Такая сумятица, впрочем, царила только в первые дни; вскоре привыкли, а на исходе второй недели уже казалось, что табор стоит тут со времен царя Гороха. Бинокль свой есаул нашел и теперь с ним не расставался, а главных сердцеедов вызвал к себе особо для нравоучительной беседы: это, мол, не Варшава, а сам шомполом поигрывает и хоть бы раз улыбнулся. «Не сноситься с цыганами никоим образом», — подтвердил приказ по полку, да что уж там «не сноситься», когда на водопое твоего коня похвалят. Сноситься не сноситься, а табаком нельзя не угостить: даром что нехристи бродячие, а никто, кроме них, в лошадях досконально толку не знает. Вот он и сам кивает: «досконалы, досконалы», только серьга раскачивается. Говорили цыгане по-польски, а к этому языку казаки были уже привычные.

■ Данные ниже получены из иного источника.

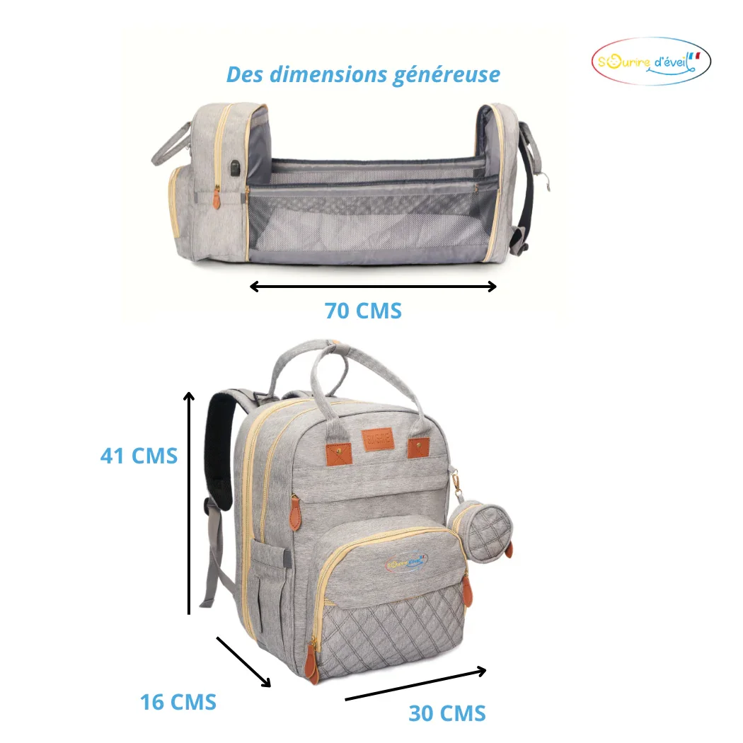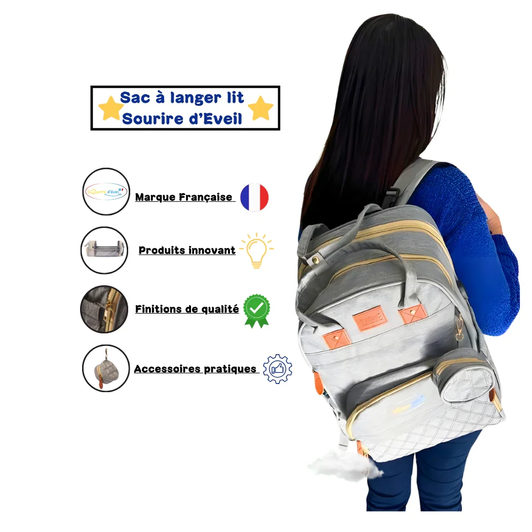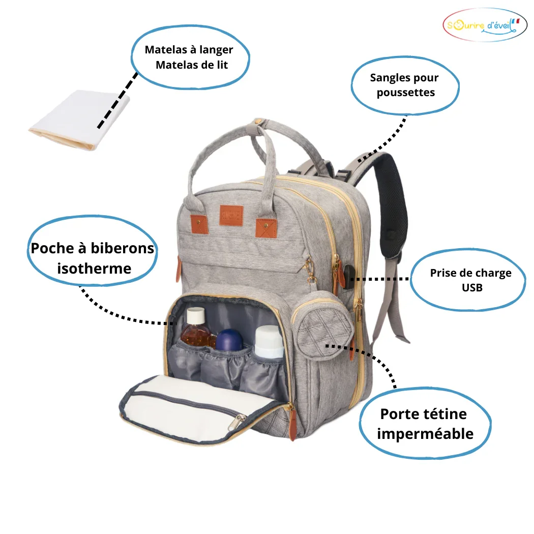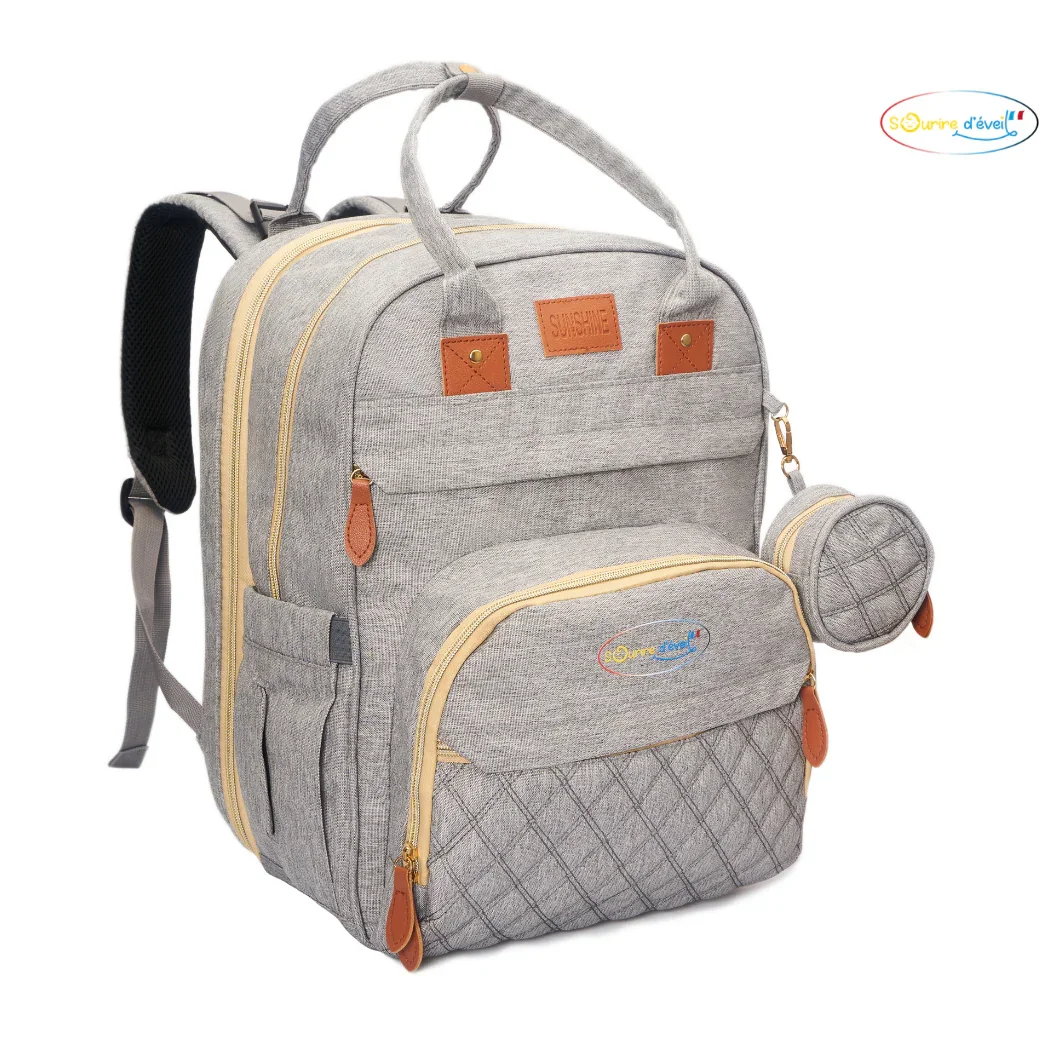 Sac à dos à langer Sourire d’Éveil — Tout-en-un, ingénieux et pratique

Несмотря на полковой приказ, многие проявляли такой же горячий интерес к дочерям свободолюбивого народа, как сам народ — к казацким лошадям. Женщины держались независимо, но в них и следа не было от показной робости варшавских паненок, зато было — достоинство. Записные сердцееды пышней обычного выпускали из-под фуражки кудрявые чубы да томно вздыхали, не отводя взора от смуглой шеи. Что ж? — Перехватит взгляд, затянет шелковый платок потуже, да только глаз не опустит, но и посмотрит не в глаза, а куда-то в кокарду, так что самому же и неловко сделается. Иные пробовали через цыганят подъезжать: кому орехов в подол рубашонки, кому гильзу стреляную. «Дзенкуе, дзенкуе пана», — так и звенит, точно горсть мелочи рассыпал, а дальше ничего и не было.
На исходе лета начались грозы. Ветер поднимался такой, что крушил деревья; испуганные кони беспомощно ржали. Табор исчез так же внезапно, как и появился, словно и его унес грозовой вихрь. Начальство вздохнуло было с облегчением, но тут выяснилось, что вместе с табором пропало несколько добрых коней. Цыгане, в свою очередь, недосчитались одной из своих земфир, однако назад не вернулись, так что и эту каверзу пришлось расхлебывать войсковому старшине.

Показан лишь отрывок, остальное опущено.